We weren’t going to have long before the next downpour and the children ran between the nearby bushes and the fairy gardens in search of the perfect piece of nature that shouted Coombe Mill in January to them.
Back inside we added the final touch of nature to our calendars and carefully put on one side while we ventured back out under the shelter of the games room porch for some messy painting fun.
I’d used spray painting last year in our autumn collages and thought it would work brilliantly with lots of different colours on black card as firework paintings against a night sky. I filled a selection of old spray bottles with coloured watered down poster paint and each child took it in turn to choose their firework colours and design.
It was great fun even if we did manage to spray the windows a little too! thankfully with poster paint it soon washed off.
We hung them up to dry whilst talking over the fireworks show that Farmer Nick would put on for them after the party later that evening.
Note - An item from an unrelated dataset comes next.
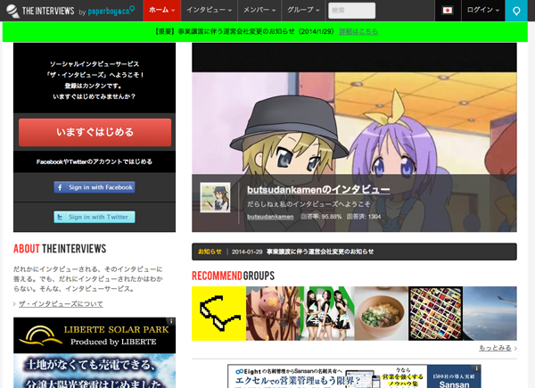 「ザ・インタビューズ」はユーザー同士が相互に質問し、インタビュー形式で回答していくソーシャルインタビューサービス。2011年7月に実験的に公開され、2カ月で会員数が20万人、最大で40万人を超えるなど現在にいたるまで多くのユーザーに支持されてきた。
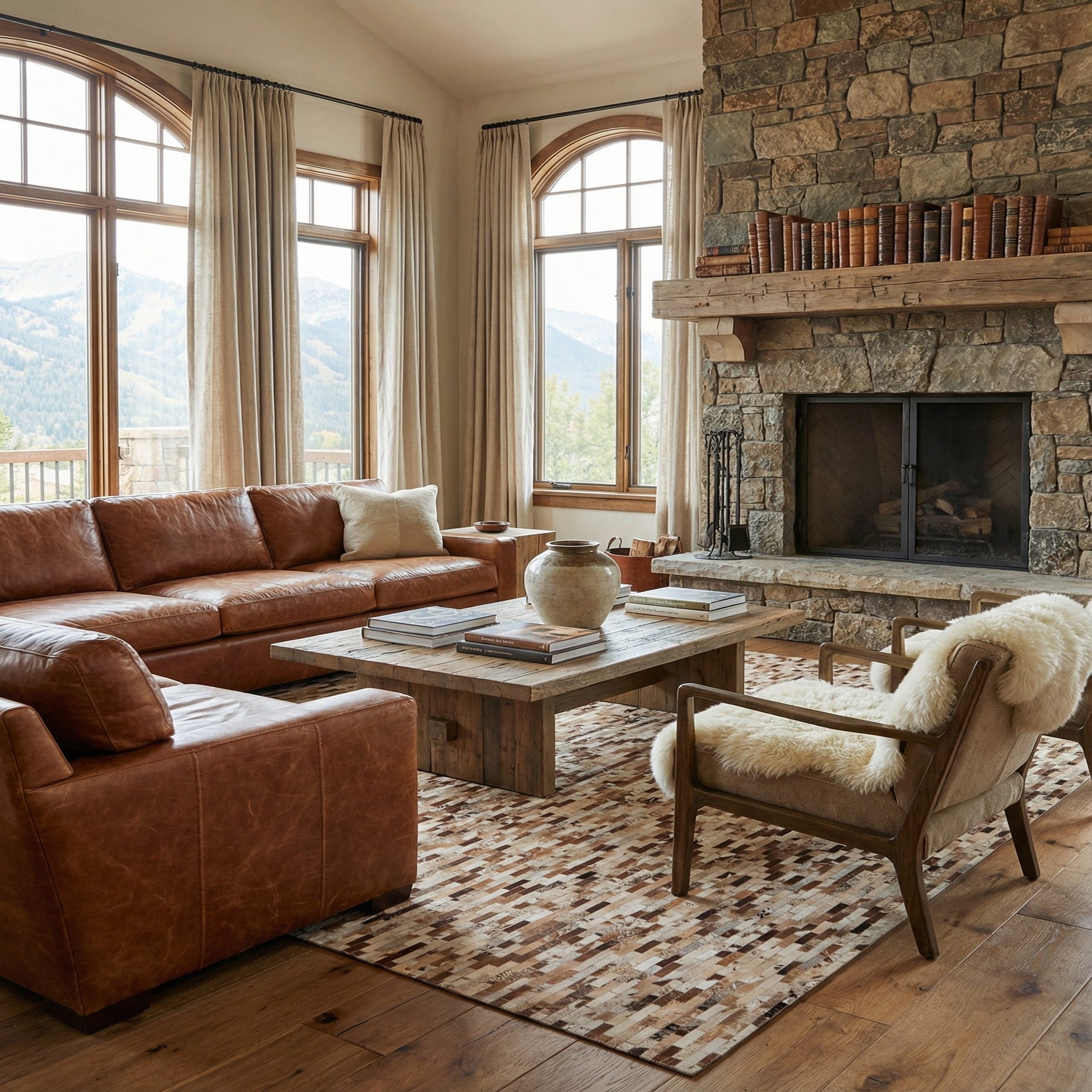 Detail image of 8' 1 x 9' 10 Cowhide Leather Rug

I will need to be very creative to come up with two such successful New Year’s Eve crafts next year.
Making New Year Calendars and Firework Paintings.
Posted on December 8th, 2017 - Fiona
Inspiration for my activity hour comes from following up on learning from a week on the farm and anything topical and nature related. This week it was a new book arriving from Lonely Planet Kids called “Where Animals Live” that had my mind spiraling off into an afternoon of discovery with the wild animals and their homes here on the farm.
Where animals live
The book is packed with everything from the smallest creepy crawly to foxes and badgers and it provided a great way to start our afternoon. The kids took to the book instantly, lifting flaps identifying the animals and recognising from the photos where and how to find their homes.
A pebble Mouse comes to life.
It was a glorious afternoon and as we closed the book I introduced our first craft. Adding clay to pebbles we made mice with little stick tails.
Handing the children an egg carton each, they ran off to fill them with soft nature bedding as a home for their mouse. I explained that really they would look for a hole to hide in like at the bottom of a tree but that leaves would make it comfy just like their egg cartons.
We took advantage of the late afternoon sun which still had some warmth to make clay spiders in their web homes. The children enjoyed molding their spiders and counting on the stick legs, and weaving webs for them into paper plates.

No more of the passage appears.